Era Don Diego López de Haro, señor de Bizkaia en el siglo XIV, un gran cazador y siempre que podía, salía a cazar algún jabalí o algún otro animal de los que abundaban por Euskal Herria en aquellos tiempos.
Un día que se encontraba de caza, oyó cantar a una mujer en lo alto de una peña. Su voz era tan bella que Don Diego no pudo resistirse a su encanto, y se dirigió hacia la peña para conocer a loa dueña de tan vello canto.
Al verla se quedó atónito, pues jamás había conocido a una mujer tan hermosa. Era alta y esbelta, con unos ojos negros que contrastaban con el rubio dorado de sus cabellos, que caían por debajo de sus rodillas. Llevaba un vestido verde bordado con hilos de oro y una cinta en la frente, también de oro.
Era tal su esplendor, que Don Diego se enamoró locamente de ella.
-¿Quién eres?- Le pfreguntó.
-La señora de Amboto- Respondió ella.
-Puesto que tu eres señora de Amboto y yo señor de Bizkaia, ¿quieres casarte conmigo?
La Dama aceptó, pero le hizo prometer a Don Diego que nunca haría la señal de la cruz en su presencia. Se casaron y tuvieron una hija, Urraka, y y un hijo, Iñigo Guerra.
Pasaron los años y reinaba la felicidad en la casa de Don Diego López de Haro. Pero un día el señor volvió de la caza con un enorme jabalí que había capturado que los encargados de la cocina habían dispuesto con una rica guarnición para la cena. Cuando toda la familia estaba sentada en la mesa, dos de los perros de la casa entraron ladrando, pidiendo parte del banquete. Uno de los perros era un gran Alano bastante fiero, y la otra era una perrita de aguas mucho más pequeña. Don Digo les lanzó una de las patas del jabalí y los dos perros se abalanzaron sobre ella disputándosela. Para sorpresa de tod@s, la pequeña perrita mató al alano y se marchó corriendo arrastrando la pata de jabalí. Don diego no pudo contenerse e hizo la señal de la cruz, al tiempo que exclamaba:
-¡Dios mío! ¡Jamás había visto algo igual!

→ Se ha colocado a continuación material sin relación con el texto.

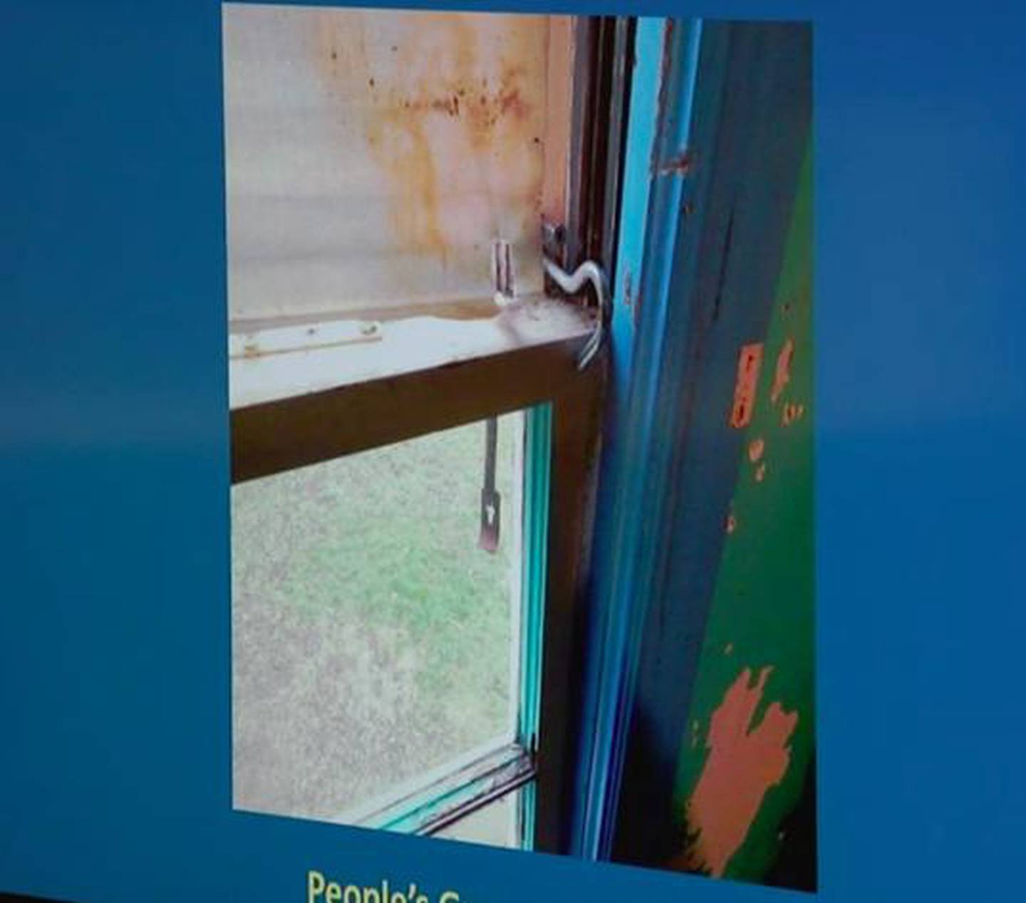 Photo of a lock on AJ Freund's bedroom window taken on April 18, 2018, at AJ Freund's Dole Avenue home.

En ese mismo instante, Mari cogió a su hija Urraka de la mano y salieron volando por la ventana . Nunca más se supo de ellas.
Pasaron los años y, durante una guerra contra los castellanos, Don Diego fue hecho prisionero y encerrado en una fortaleza en Toledo. Iñigo Gerra pidió consejo para liberar a su padre, pero nadie sabía el modo de hacerlo, hasta que un anciano de larga barba blanca le dijo:
-Iñigo, si quieres ayuda, ve a buscar a tu madre. Ella sabrá decirte lo que debes hacer.
Así pues, Iñigo se dirigió hacia el monte Amboto y allí encontró a Mari subida en una peña.
-Querido hijo- habló Mari. -Ven hacia mi, porque ya se que vienes a preguntarme cómo liberar a tu padre de aquella prisión.
Mari lanzó un grito y apareció un hermoso caballo blanco ensillado.
-Este es Pardal- Continuó diciendo la Dama. -Te lo doy y con el ganarás batallas, pero nunca debes quitarle la silla, ni darle de comer o de beber. En el mismo día de hoy te llevará a Toledo y os traerá a ti y a tu padre de vuelta a casa.
Así fue, Iñigo montó en el caballo y, al momento, se encontró en el patio de la fortaleza en la que se encontraba su padre prisionero. Cuando lo encontró, lo cogió de la mano, lo llevó hasta el caballo y ambos montaron regresando a Bizkalla sin que ningún soldado castellano hiciese nada por detenerlos, pues se habían vuelto invisibles.
Desde entonces todas las entrañas de las bacas que se sacrificaban en la casa del señor de Bizkaia eran colocadas en una peña cómo ofrenda a la Dama del Amboto. Y se decía que, de no hacerlo, caería una desgracia sobre Don Diego López de Haro y sus descendientes, cómo asó ocurrió años más tarde, cuando un tataranieto de Don Diego dejó de hacer la ofrenda, y este perdió un ojo por no seguir la tradición.